SPD-Troika bietet Merkel Krisenkooperation an Von Georg Ismar, dpa

18.07.2011 16:58

Nein, mit der Kanzlerkandidatenfrage habe der Auftritt nichts zu tun,
sagt Parteichef Gabriel. Gemeinsam mit Fraktionschef Steinmeier und
Ex-Finanzminister Steinbrück fordert er mehr Einsatz zur Eurorettung.
Dennoch stellt sich die Frage: Bildet sich da eine neue SPD-Troika?

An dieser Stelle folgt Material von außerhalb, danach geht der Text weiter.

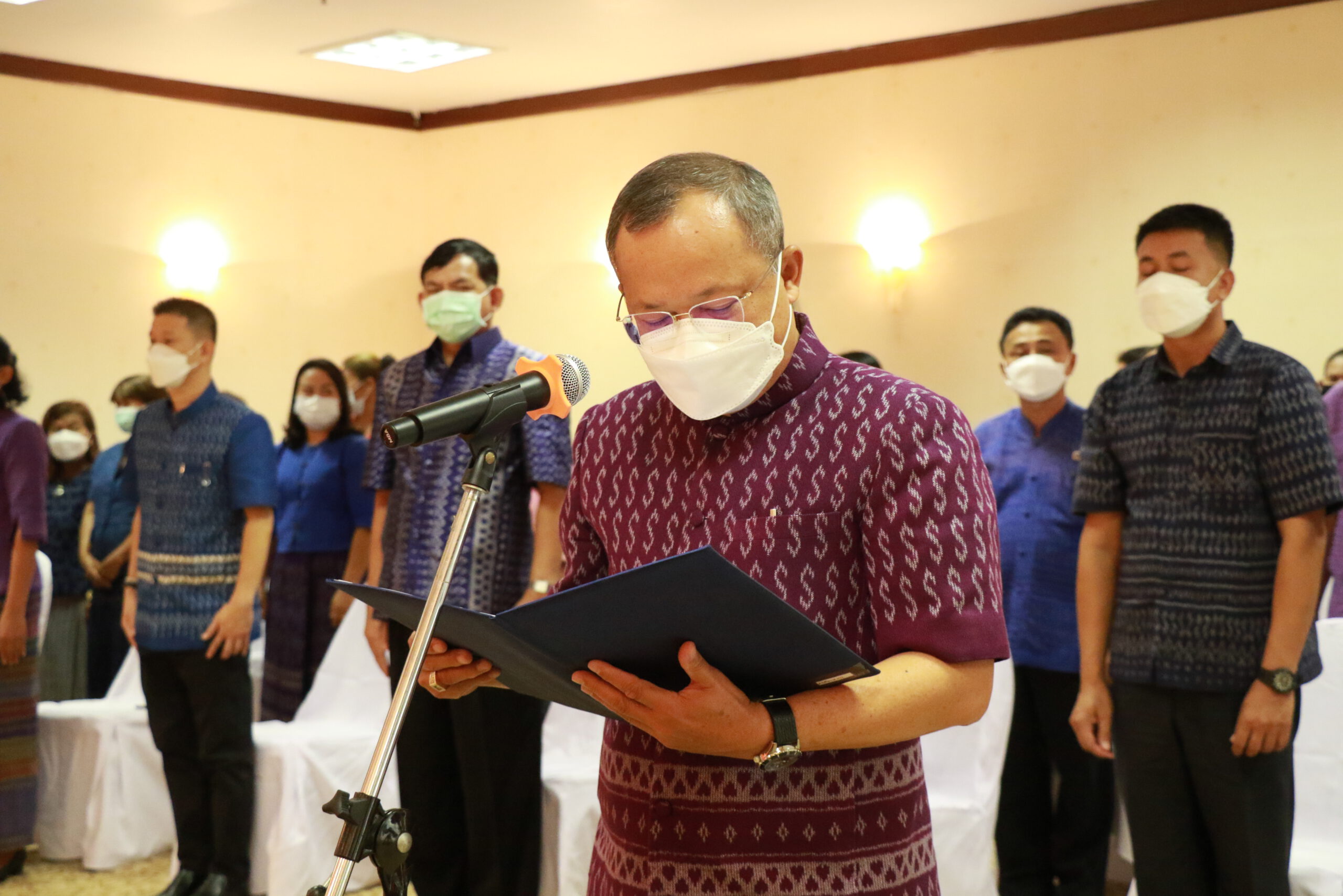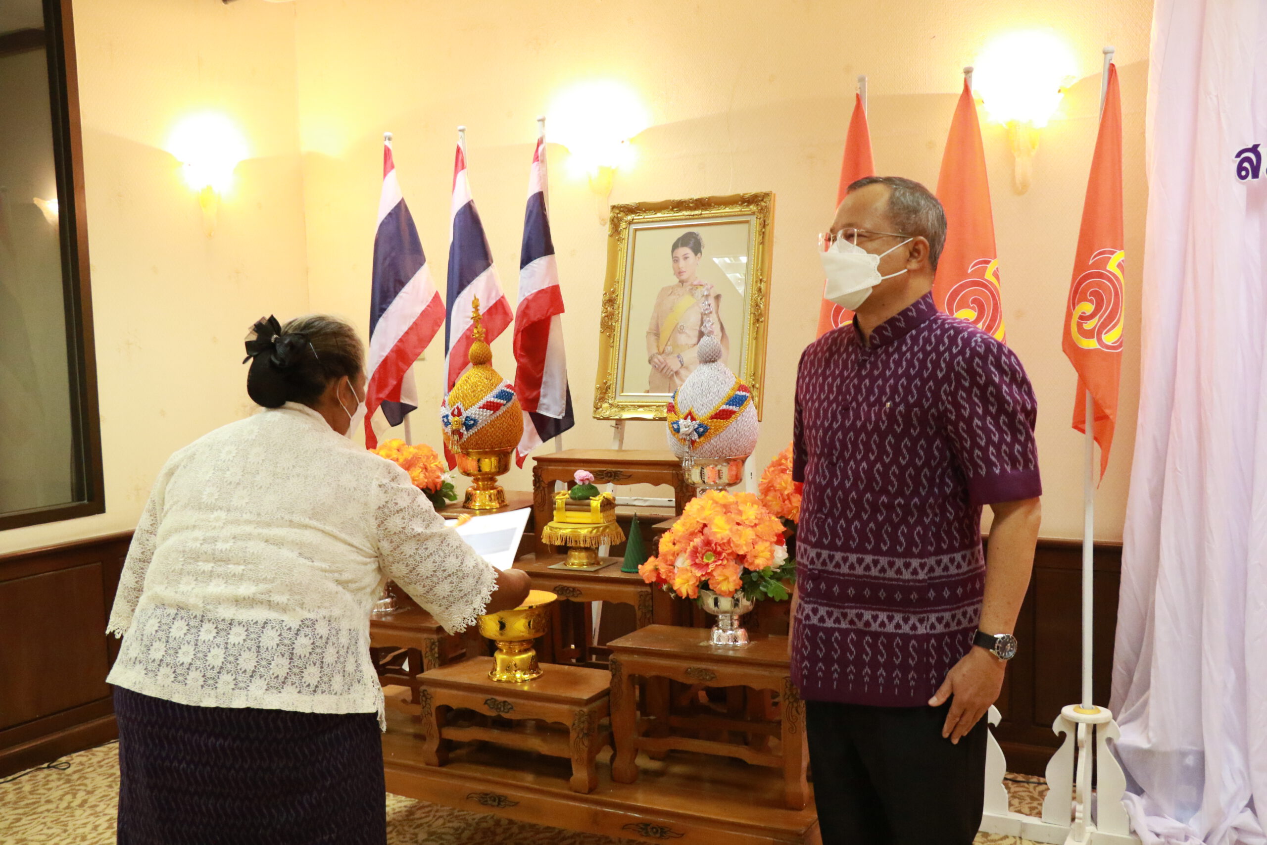 จังหวัดอำนาจเจริญ จัดพิธีมอบแบบผ้าบาติกลายพระราชทาน สมเด็จพระเจ้าลูกเธอ เจ้าฟ้าสิริวัณณวรี นารีรัตนราชกัญญา 3 ลาย “ปาเต๊ะร่วมใจเทิดไทยเจ้าหญิง ท้องทะเลไทย และป่าแดนใต้”

Berlin (dpa) - Die Frage musste kommen. Doch bis es soweit ist,
wird erstmal jede Regung seziert. Als Peer Steinbrück und Sigmar
Gabriel sich zueinander hinbeugen und kurz tuscheln, steigt sofort
der Lärmpegel durch klickende Kameras. Nach 45 Minuten und teils
dramatischen Appellen an Kanzlerin Angela Merkel (CDU), das Projekt
Europa zu retten, wird Gabriel gefragt, warum er denn ausgerechnet
Ex-Finanzminister Steinbrück und Fraktionschef Frank-Walter
Steinmeier mitgebracht hat. «Wenn wir nicht zu dritt gekommen wären,
hätten Sie gefragt, warum einer von uns nicht dabei ist», antwortet
der SPD-Chef. «Dem wollten wir aus dem Weg gehen.»

Nun sitzen da am Montag in der Bundespressekonferenz ausgerechnet
die Drei, die wohl unter sich die SPD-Kanzlerkandidatur für 2013
ausmachen werden. Schon ist von einer neuen Troika die Rede. Lange
hatte man überlegt, ob man zum Start der Sommerpause die derzeitigen
Frontmänner der Partei noch einmal gemeinsam auf ein Podium setzt. In
der Fraktion war man sich bewusst, dass die eigentlichen Inhalte dann
sekundär sein könnten und vor allem die K-Frage dominieren könnte.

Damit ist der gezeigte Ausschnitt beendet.